The lines below, from the one holding "Ouvrez la demande" through the one holding "Лея от бренда", are to be restated word for word, with all images left out.

....

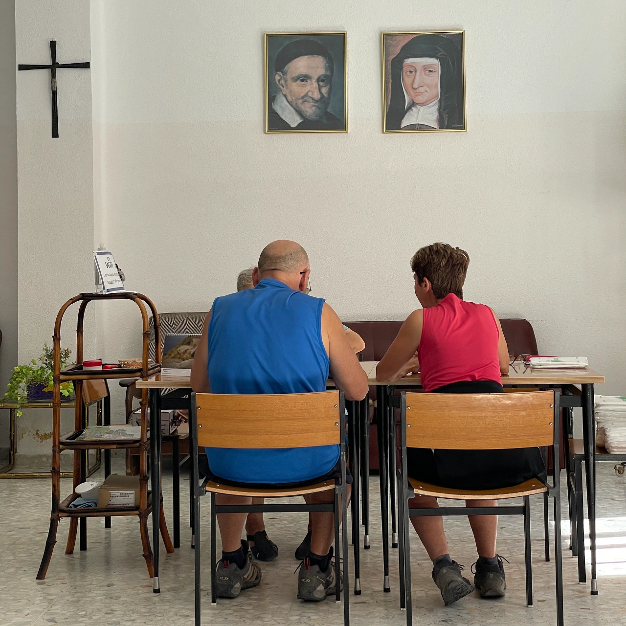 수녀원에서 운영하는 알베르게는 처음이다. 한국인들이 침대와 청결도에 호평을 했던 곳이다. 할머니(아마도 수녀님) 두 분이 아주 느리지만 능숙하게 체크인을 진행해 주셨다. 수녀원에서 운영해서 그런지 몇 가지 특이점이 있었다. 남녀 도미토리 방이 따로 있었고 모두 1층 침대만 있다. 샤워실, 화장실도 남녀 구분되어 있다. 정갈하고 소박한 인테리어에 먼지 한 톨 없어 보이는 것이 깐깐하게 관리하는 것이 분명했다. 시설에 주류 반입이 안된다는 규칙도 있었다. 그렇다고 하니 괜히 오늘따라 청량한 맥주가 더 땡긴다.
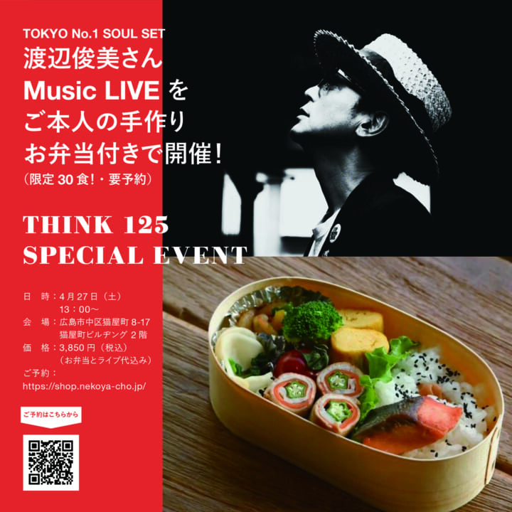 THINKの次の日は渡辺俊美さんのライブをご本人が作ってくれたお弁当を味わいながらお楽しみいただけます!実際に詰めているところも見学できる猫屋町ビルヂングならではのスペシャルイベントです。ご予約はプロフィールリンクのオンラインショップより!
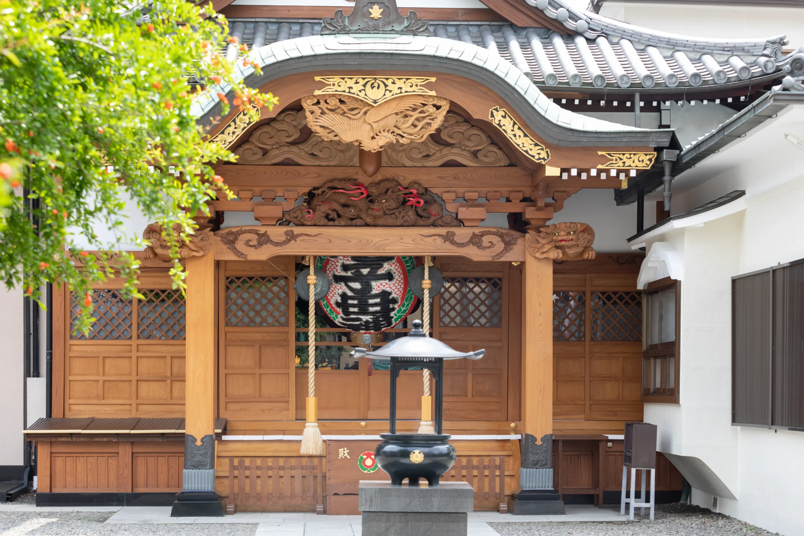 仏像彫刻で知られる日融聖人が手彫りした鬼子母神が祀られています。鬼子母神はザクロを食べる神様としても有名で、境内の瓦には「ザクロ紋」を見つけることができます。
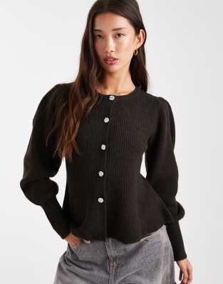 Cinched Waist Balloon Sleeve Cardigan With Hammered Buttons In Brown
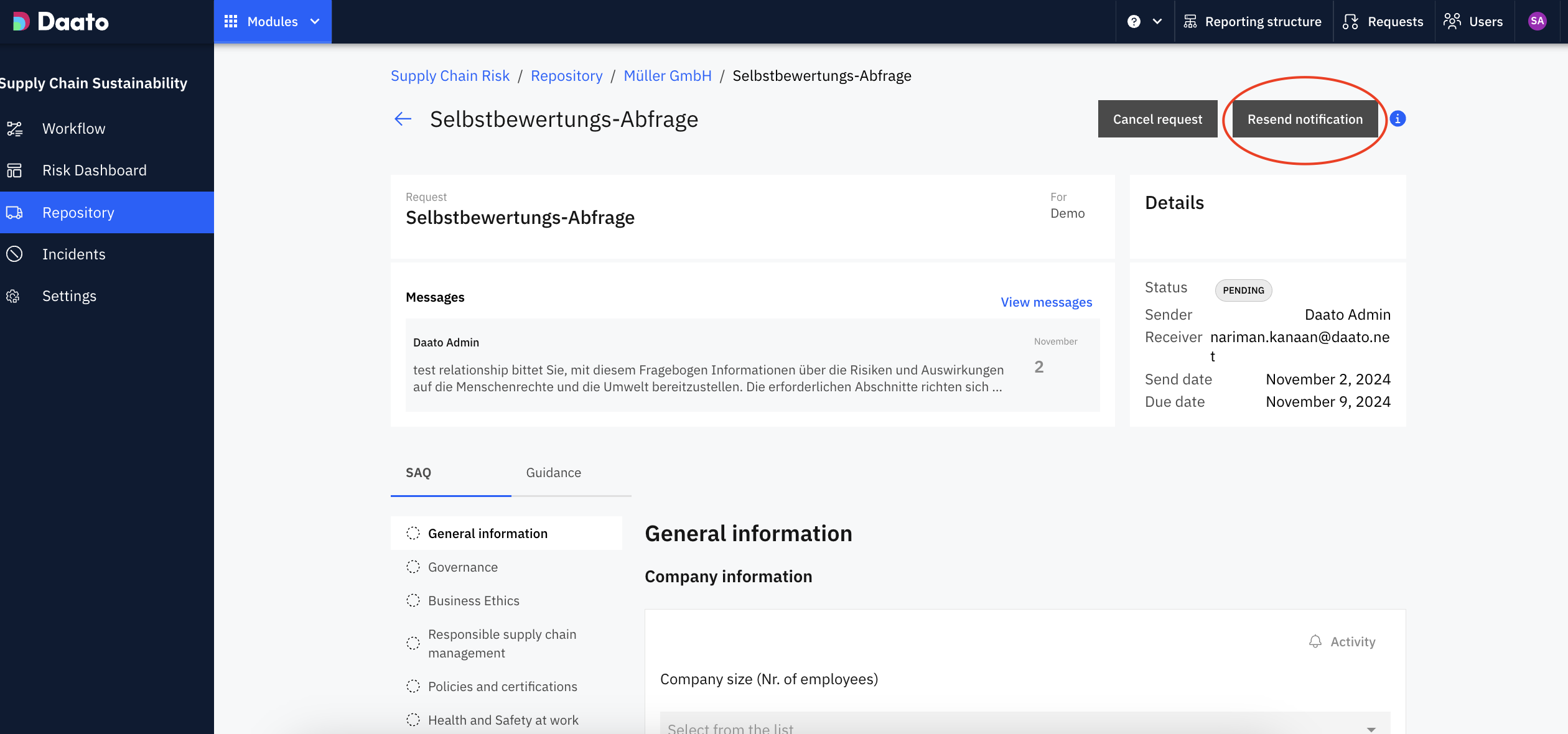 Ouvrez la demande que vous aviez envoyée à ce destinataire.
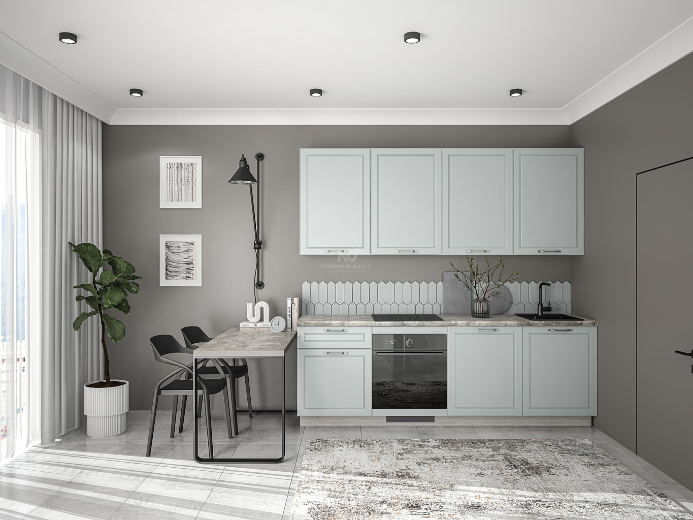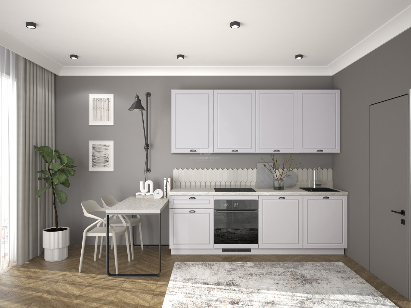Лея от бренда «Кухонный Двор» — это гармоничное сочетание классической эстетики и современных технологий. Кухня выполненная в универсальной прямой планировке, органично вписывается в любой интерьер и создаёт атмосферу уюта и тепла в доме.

....

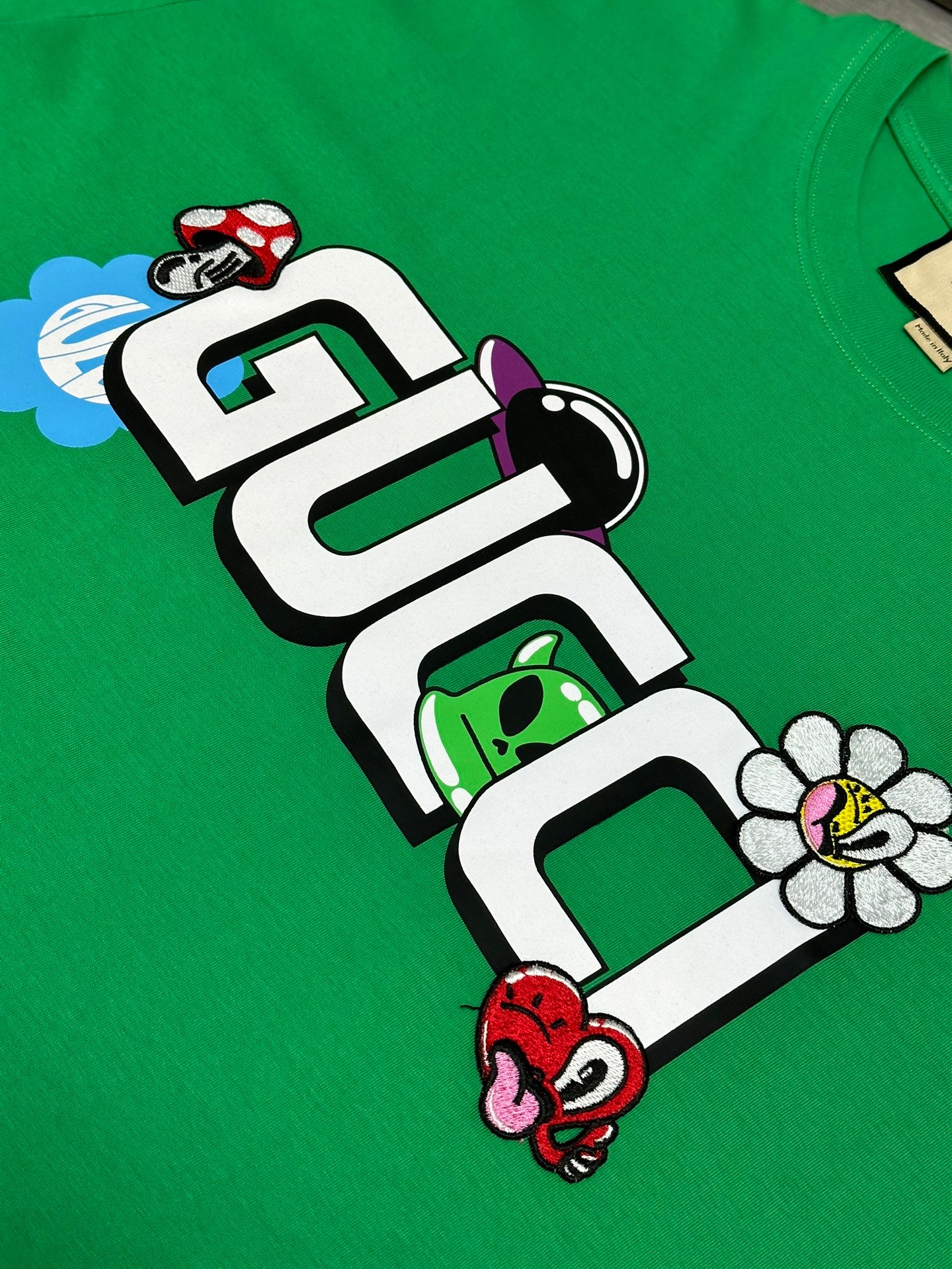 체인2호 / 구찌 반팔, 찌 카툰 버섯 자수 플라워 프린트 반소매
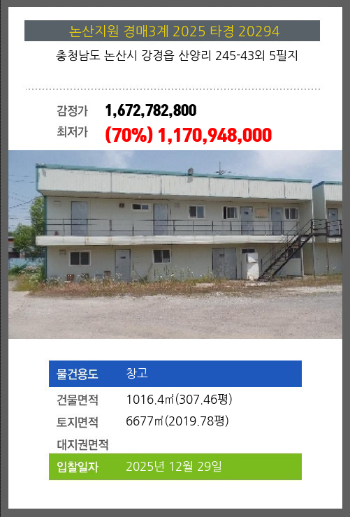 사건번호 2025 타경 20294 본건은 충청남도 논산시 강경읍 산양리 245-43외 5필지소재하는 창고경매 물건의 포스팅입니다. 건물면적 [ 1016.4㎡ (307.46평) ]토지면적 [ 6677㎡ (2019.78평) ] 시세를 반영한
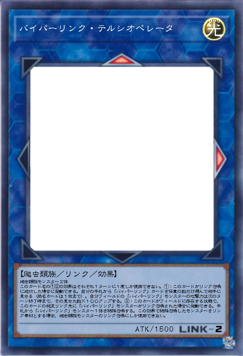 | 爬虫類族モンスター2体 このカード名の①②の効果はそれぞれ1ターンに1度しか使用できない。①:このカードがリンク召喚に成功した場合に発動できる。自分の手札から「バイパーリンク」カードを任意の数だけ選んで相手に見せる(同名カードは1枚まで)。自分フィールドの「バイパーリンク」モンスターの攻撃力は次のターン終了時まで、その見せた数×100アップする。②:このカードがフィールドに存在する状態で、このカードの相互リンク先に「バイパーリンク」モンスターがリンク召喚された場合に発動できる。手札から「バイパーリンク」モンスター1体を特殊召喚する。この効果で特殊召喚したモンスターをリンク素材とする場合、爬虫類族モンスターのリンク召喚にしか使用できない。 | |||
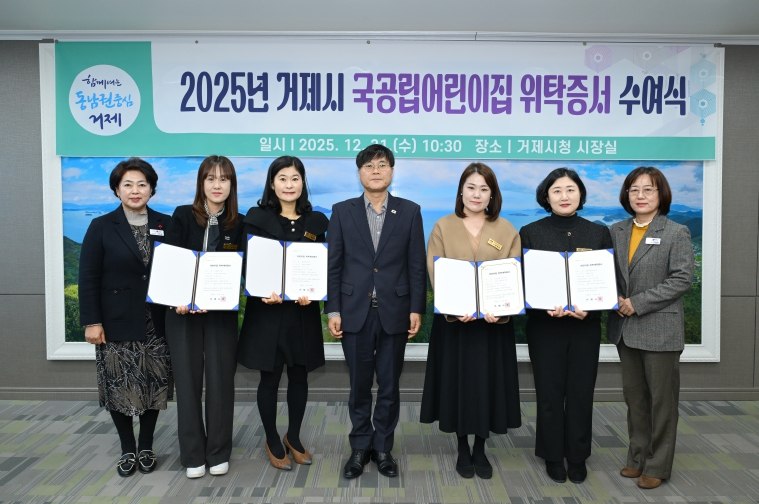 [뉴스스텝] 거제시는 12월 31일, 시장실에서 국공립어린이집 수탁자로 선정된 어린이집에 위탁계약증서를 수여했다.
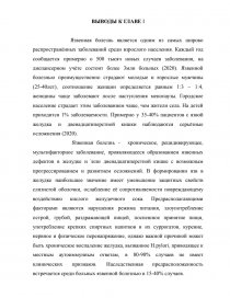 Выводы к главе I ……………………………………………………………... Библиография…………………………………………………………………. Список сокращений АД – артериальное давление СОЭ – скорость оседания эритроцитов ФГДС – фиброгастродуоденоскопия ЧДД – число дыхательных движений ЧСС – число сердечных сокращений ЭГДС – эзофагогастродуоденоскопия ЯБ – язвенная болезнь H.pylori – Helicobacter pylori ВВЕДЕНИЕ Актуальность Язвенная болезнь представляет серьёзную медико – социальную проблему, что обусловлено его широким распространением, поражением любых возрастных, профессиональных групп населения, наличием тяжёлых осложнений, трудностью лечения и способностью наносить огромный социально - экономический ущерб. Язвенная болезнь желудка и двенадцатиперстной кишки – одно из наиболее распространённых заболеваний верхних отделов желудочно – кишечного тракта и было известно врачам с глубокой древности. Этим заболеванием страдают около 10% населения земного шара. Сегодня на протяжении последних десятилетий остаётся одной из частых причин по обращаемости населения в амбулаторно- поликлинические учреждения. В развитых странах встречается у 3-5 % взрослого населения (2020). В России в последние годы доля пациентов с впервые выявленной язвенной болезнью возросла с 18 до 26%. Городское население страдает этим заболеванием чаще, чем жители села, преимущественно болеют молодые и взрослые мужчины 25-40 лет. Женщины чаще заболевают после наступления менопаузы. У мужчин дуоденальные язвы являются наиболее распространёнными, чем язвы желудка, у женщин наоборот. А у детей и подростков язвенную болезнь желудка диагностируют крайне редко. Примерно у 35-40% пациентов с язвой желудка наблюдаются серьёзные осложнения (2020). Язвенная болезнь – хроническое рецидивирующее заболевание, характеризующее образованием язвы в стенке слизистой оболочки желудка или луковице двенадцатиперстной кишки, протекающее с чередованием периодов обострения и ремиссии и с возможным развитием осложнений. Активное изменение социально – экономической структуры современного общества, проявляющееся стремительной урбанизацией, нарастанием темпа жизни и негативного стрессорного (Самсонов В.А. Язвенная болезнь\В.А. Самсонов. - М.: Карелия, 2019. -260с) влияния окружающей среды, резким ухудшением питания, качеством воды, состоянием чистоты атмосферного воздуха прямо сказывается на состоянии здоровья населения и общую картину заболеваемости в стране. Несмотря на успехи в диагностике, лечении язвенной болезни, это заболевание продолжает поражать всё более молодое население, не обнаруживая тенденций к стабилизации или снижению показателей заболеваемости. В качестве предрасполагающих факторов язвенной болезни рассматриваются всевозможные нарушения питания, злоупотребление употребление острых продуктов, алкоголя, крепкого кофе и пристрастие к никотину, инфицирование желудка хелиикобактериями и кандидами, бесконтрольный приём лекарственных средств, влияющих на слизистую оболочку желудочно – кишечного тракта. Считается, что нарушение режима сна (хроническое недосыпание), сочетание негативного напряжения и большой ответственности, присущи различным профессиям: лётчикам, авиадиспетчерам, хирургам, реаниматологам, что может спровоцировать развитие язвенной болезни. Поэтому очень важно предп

....

*ANSWER TO THE PROBLEM:*
 Ouvrez la demande que vous aviez envoyée à ce destinataire.
Лея от бренда «Кухонный Двор» — это гармоничное сочетание классической эстетики и современных технологий. Кухня выполненная в универсальной прямой планировке, органично вписывается в любой интерьер и создаёт атмосферу уюта и тепла в доме.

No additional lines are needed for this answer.